Corona Diaries: T-Minus 36 Hours

One of my three checked bags back home
One AUP student reflects on packing up her life in a day.

Dear Corona Diaries,

Packing up your life in 36 hours teaches you a little something about what's replaceable. I already had six months of a life plastered all over that apartment. Six months of living independently for the first time, six months of a whole new support group and routine, six months in a city where the world was in reach. How does one sift through all of that, picking what to hold on to and what to pass on in little more than a day?

At first it didn't feel real, and actually it did all the way through. There was the feeling of curating for some other person with exactly my life. I guess that made it easier. A little less sentimental. Maybe it was a defense. A ticking clock and a limited number of bags is a worthy opponent, though. I only had one large suitcase and two carry-on sizes that I could check home, into which I stuffed as much of the hobby gear, books, and mementos as I could on top of the essentials.

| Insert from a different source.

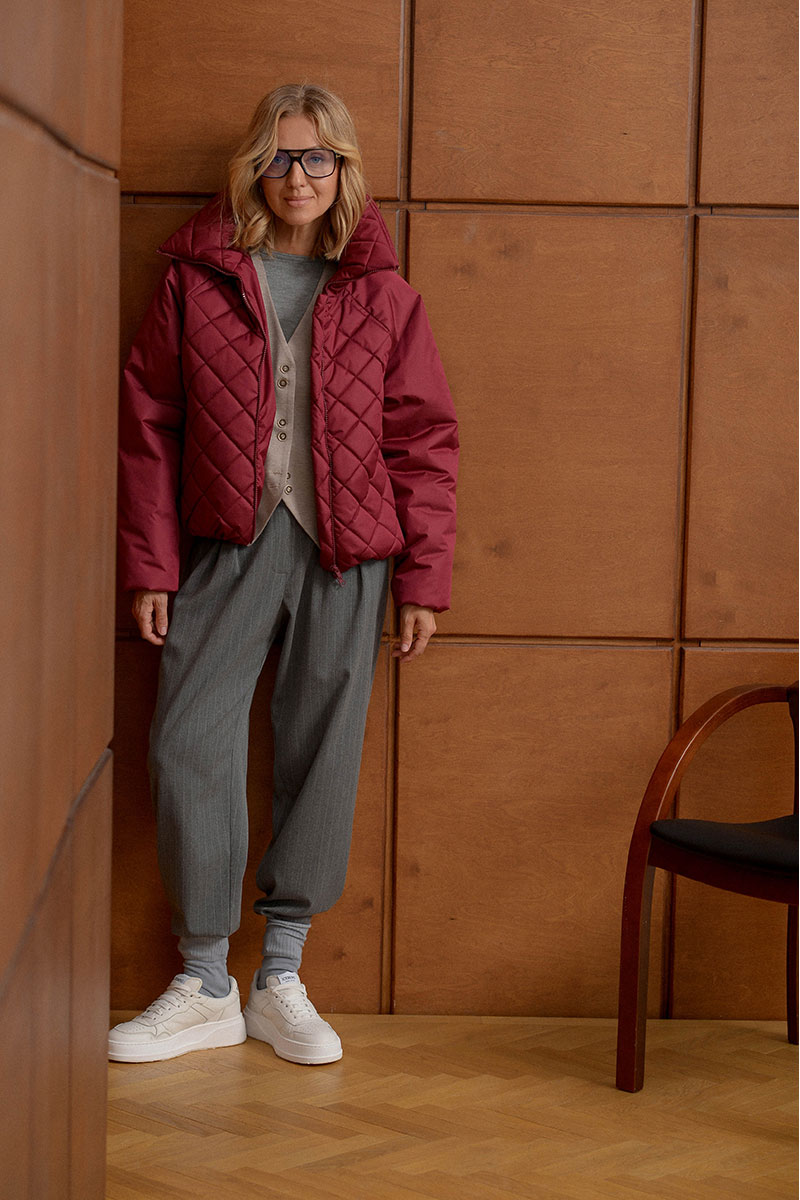Утепленная куртка из стеганой ткани, где каждая деталь обещает, что холодный сезон будет приятным. Уютный округлый силуэт, высокий воротник защищает от ветра и холода. Плотная, непромокаемая верхняя ткань ,подкладка из твила. Утеплитель Isosoft хорошо сохраняет тепло и благодаря стеганому материалу, не выглядит слишком объемным.Рукав реглан смягчает линию плеча и обеспечивает свободу движений.Низ куртки эластичный,на резинке. Боковые карманы и накладной функциональный внутренний карман. Сезон - осень/зима, температурный режим: до -10 °C (зависит от личных ощущений).

It would be interesting to know what got discarded in all of this, but the strangest part is I already don't remember a lot of it. That says a lot about our tendency to collect "stuff." I think when we have all the time and space in the world, we tend to evaluate things on the basis of sentimentality. I have often heard myself say "I don't really use that, but it was a gift!" or "I use that at such-and-such a time each year." 

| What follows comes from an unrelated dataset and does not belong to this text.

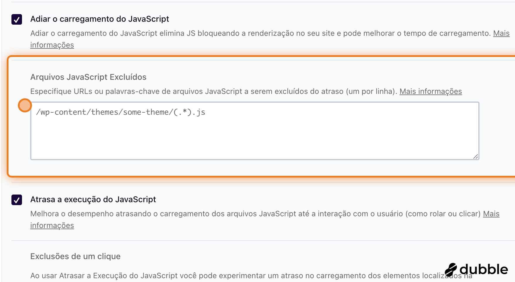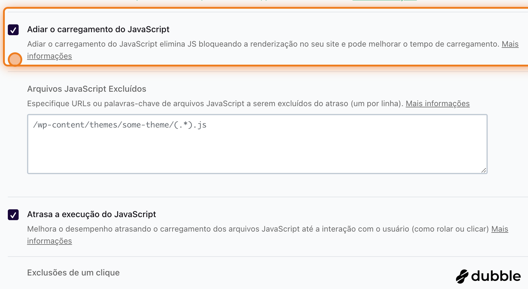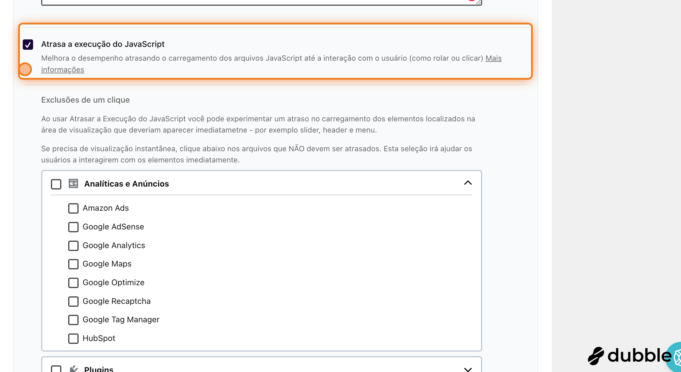 6. Se a opção de "Adiar o carregamento do JavaScript" estiver ativada

A crunch like this forces one to own up to those feelings honestly, from a perspective of "How would my life actually differ without that?" Perhaps in this hyper-consumerist world we should be asking that question more often. Perhaps more of us need a crunch. I wonder, what would you keep if you had 36 hours and a bag?

- Maddi

Maddi strives to put most of her energy into environmental justice, immigrant rights, and the eradication of global poverty. If the world were easier, she'd like to spend her life frolicking through the forest. At present, she is a student at the American University of Paris, and can often be seen shamelessly sporting socks and sandals in the fashion capital of the world. Oh yeah, and she writes sometimes.